STORED DATA →
===
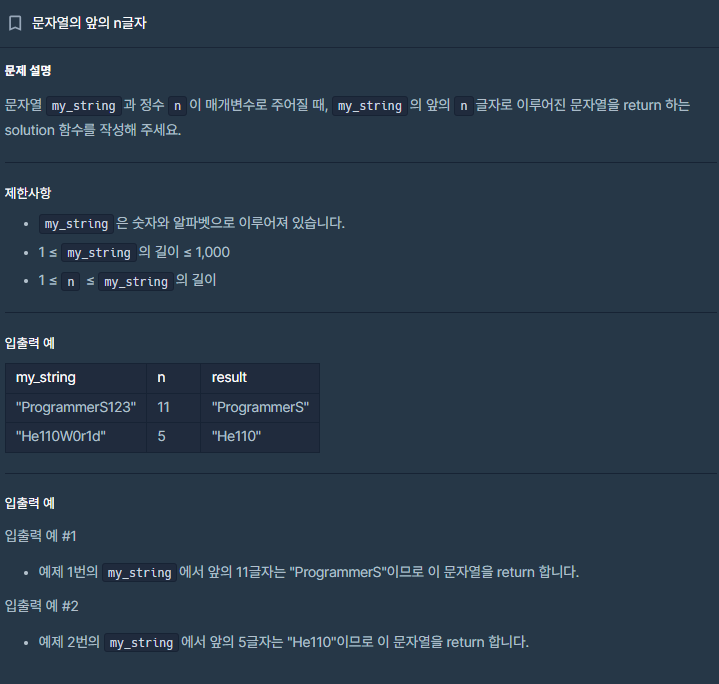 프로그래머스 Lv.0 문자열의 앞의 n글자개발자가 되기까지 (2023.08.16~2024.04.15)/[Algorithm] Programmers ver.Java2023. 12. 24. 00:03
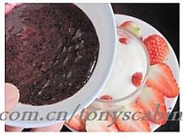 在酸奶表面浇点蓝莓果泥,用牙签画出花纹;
===
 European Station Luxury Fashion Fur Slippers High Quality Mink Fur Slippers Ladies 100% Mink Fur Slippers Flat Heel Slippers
===
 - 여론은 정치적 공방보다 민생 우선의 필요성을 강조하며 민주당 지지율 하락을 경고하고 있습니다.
===
Your output should be the lines above from the one that contains "프로그래머스 Lv.0 문자열의" through the one that contains "在酸奶表面浇点蓝莓果泥,用牙签画出花纹;", word for word, with pictures left out.

EXERCISE OUTPUT →
 프로그래머스 Lv.0 문자열의 앞의 n글자개발자가 되기까지 (2023.08.16~2024.04.15)/[Algorithm] Programmers ver.Java2023. 12. 24. 00:03
 在酸奶表面浇点蓝莓果泥,用牙签画出花纹;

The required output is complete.